Single by Celine Dion
- B-side: "It's All Coming Back to Me Now" (radio edit)
- Released: 20 August 1996
- Venue: Centennial Olympic Stadium (Atlanta)
- Genre: Pop; classical;
- Length: 4:31
- Label: SMEJ
- Songwriters: David Foster; Babyface; Linda Thompson;
- Producers: David Foster; Babyface;

Celine Dion singles chronology
| "It's All Coming Back to Me Now" (1996) | "The Power of the Dream" (1996) | "All by Myself" (1996) |

Audio
- "The Power of the Dream" on YouTube

= The Power of the Dream =

"The Power of the Dream" is a song by Canadian singer Celine Dion, released as a single in Japan on 20 August 1996 by Sony Music Entertainment Japan. Written and produced by David Foster, Linda Thompson, and Babyface, it was created for the opening ceremony of the 1996 Summer Olympics. Dion performed the song before more than 100,000 attendees and over three and a half billion television viewers, donating her earnings to support Canadian athletes. USA Today later ranked it as the second best Olympics theme song of all time.

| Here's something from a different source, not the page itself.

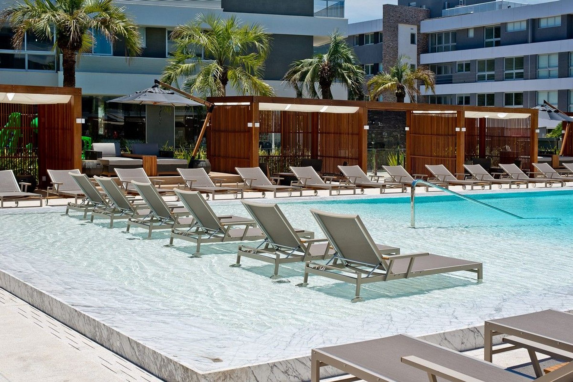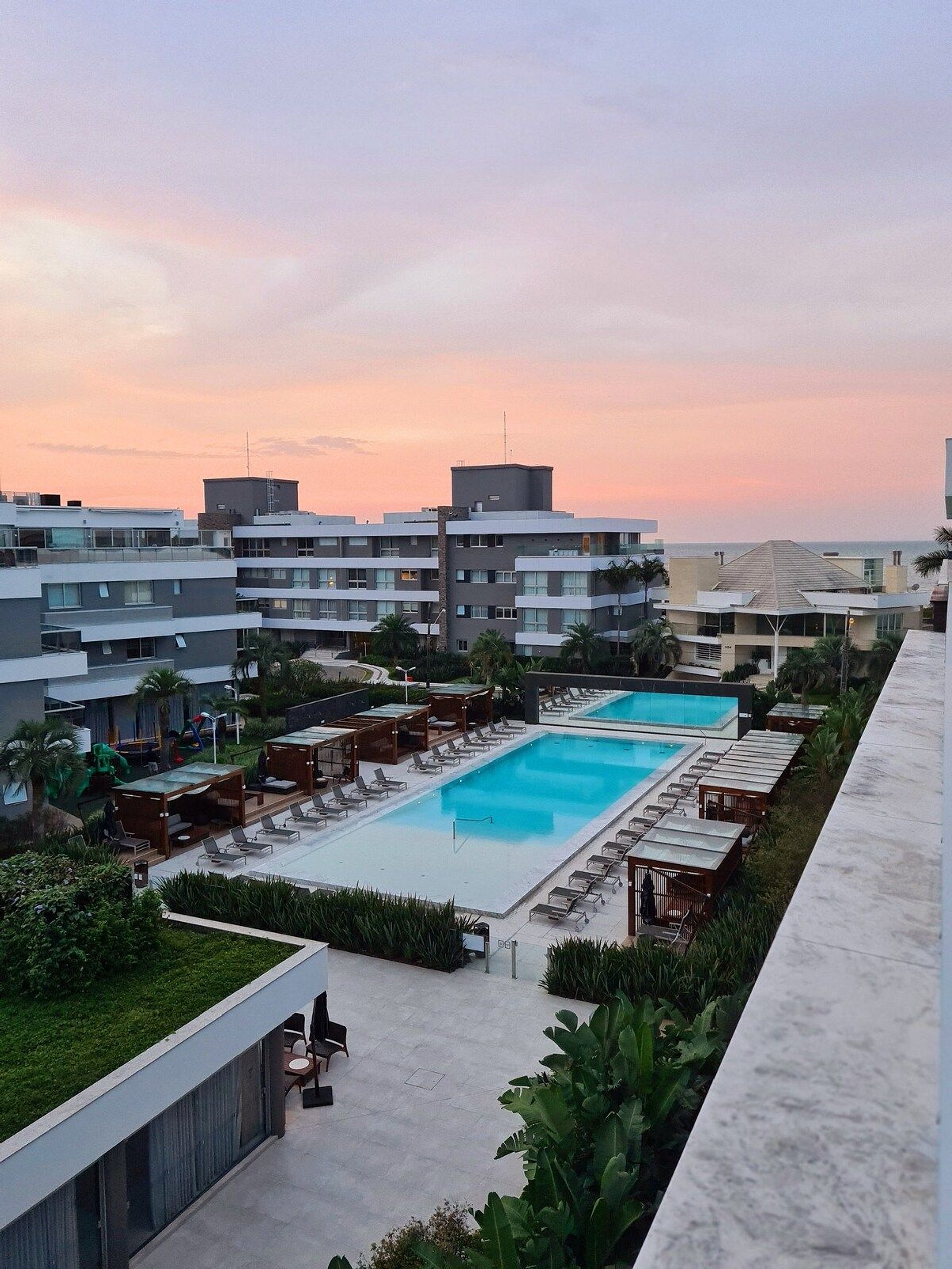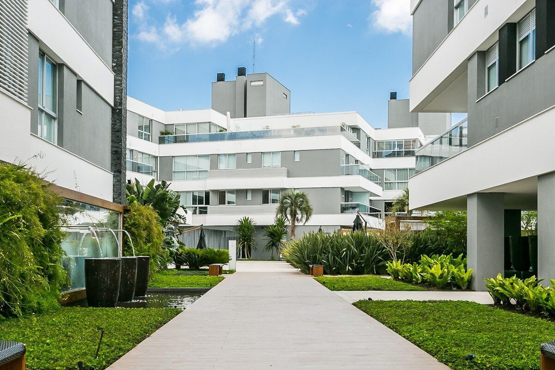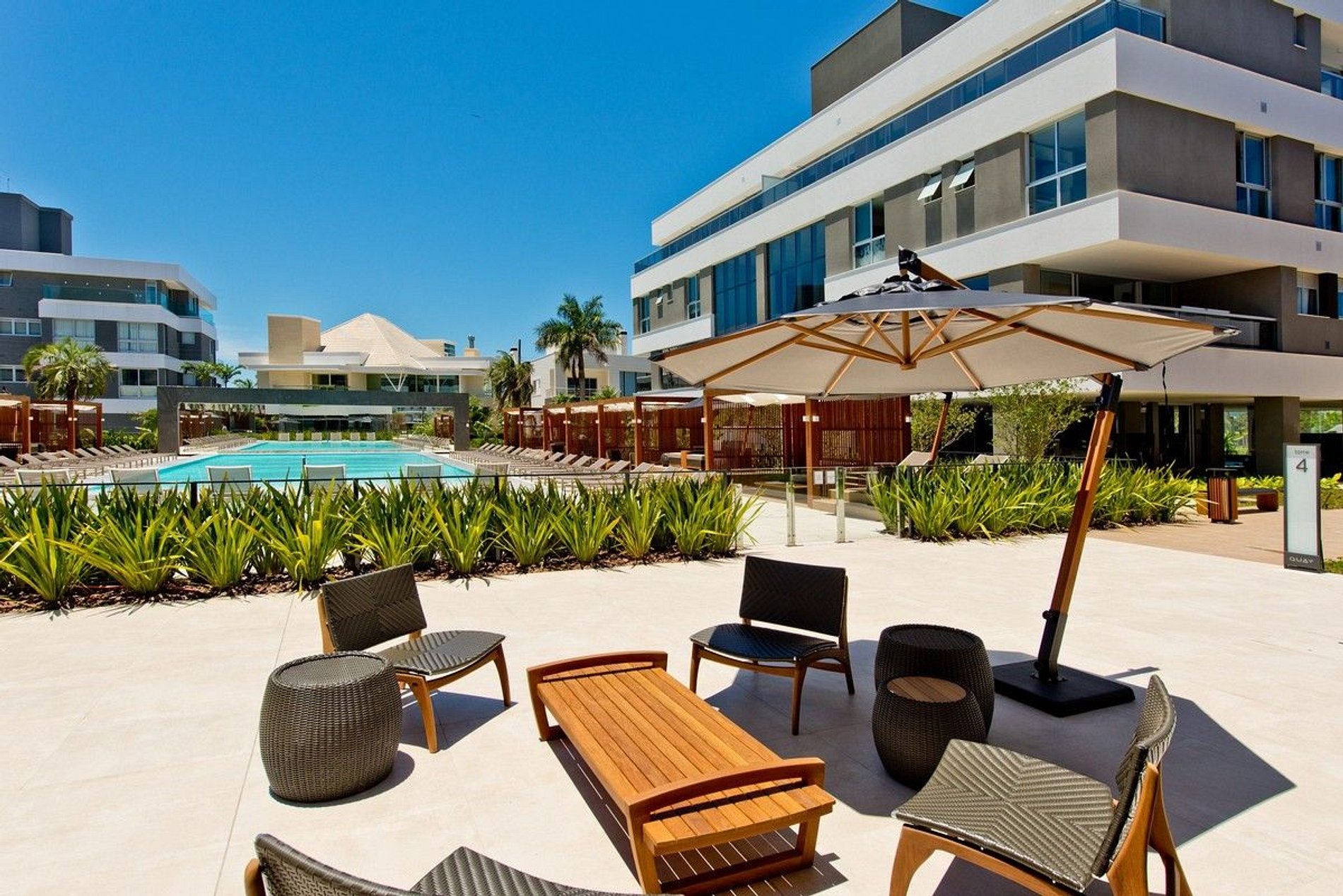 O Condomínio dispõe piscina e bangalos, jacuzzi, bar e lounge, acesso praia, praça fogo, wine bar, espaco kids, sauna, fitness center completo,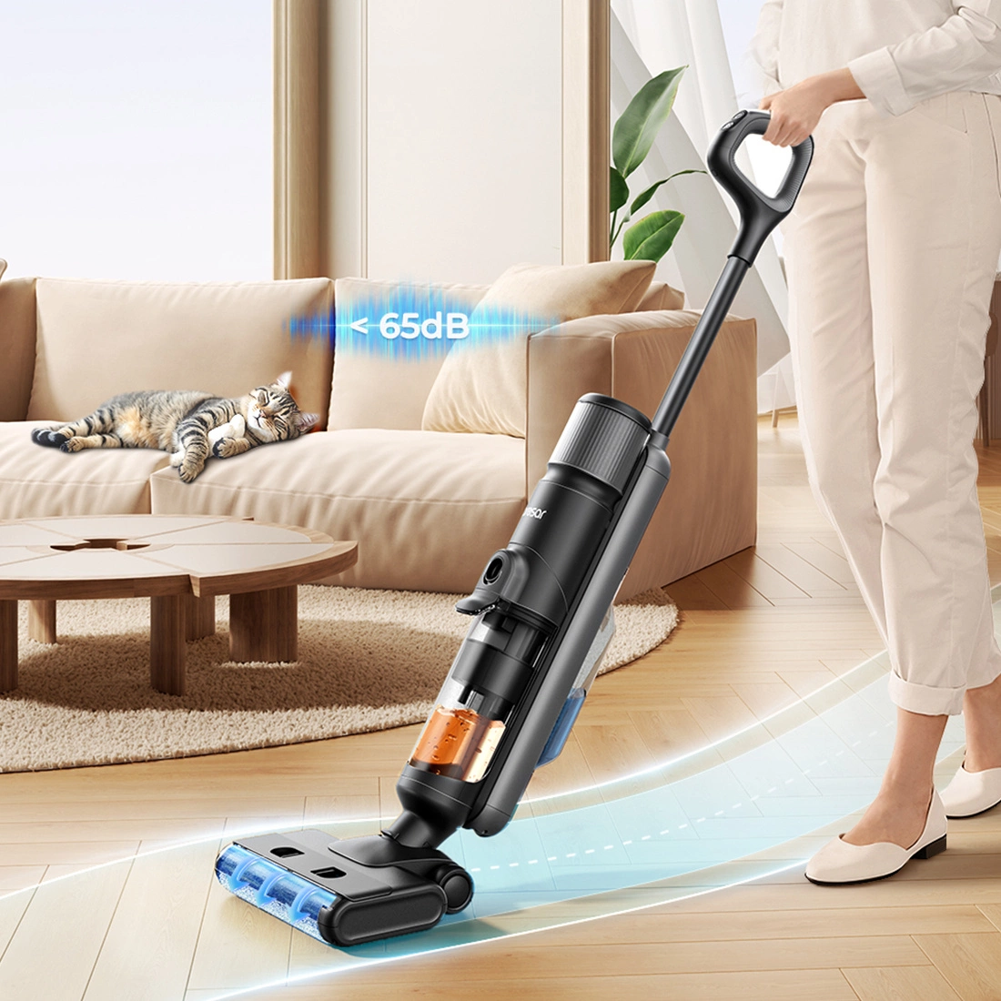 Ten odkurzacz z funkcją mopa ma trzy inteligentne tryby pracy, które można dopasować do swoich potrzeb. Tryb Smart automatycznie dostosowuje moc ssania i ilość wody do poziomu zabrudzeń. Vac to funkcja pochłaniania cieczy, idealnie nadająca się do zbierania nadmiaru wody w łazienkach. Max zapewnia maksymalną moc i intensywne nawilżenie, sprawdzając się przy uporczywych plamach i gruntownym czyszczeniu na mokro. Przełączaj tryby bez problemu i ciesz się pełną kontrolą nad Twoim sprzątaniem.

== Background and release ==
"The Power of the Dream" was issued as a commercial single in Japan on 20 August 1996. It was later included on limited editions of Falling into You in Asia and Australia, and served as a B-side to "Because You Loved Me", "It's All Coming Back to Me Now", and "All by Myself". In 2000, the song became available internationally on The Collector's Series, Volume One, and in 2008 it appeared on the US edition of My Love: Essential Collection.

== Commercial performance ==
The single peaked at number 30 on the Oricon Singles Chart in Japan and was certified gold. Although it was not released in other markets, various radio stations worldwide played "The Power of the Dream", and it appeared on several airplay charts.

== Music video ==
The music video includes Dion performing the song during the opening ceremony of the 1996 Summer Olympics, accompanied by David Foster on piano, the Atlanta Symphony Orchestra, and the Centennial Choir, which included the Morehouse College Glee Club, the Spelman College Glee Club, and the Atlanta Symphony Orchestra Chorus.

== Live performances ==
Dion performed "The Power of the Dream" during her 1996–97 Falling into You: Around the World tour.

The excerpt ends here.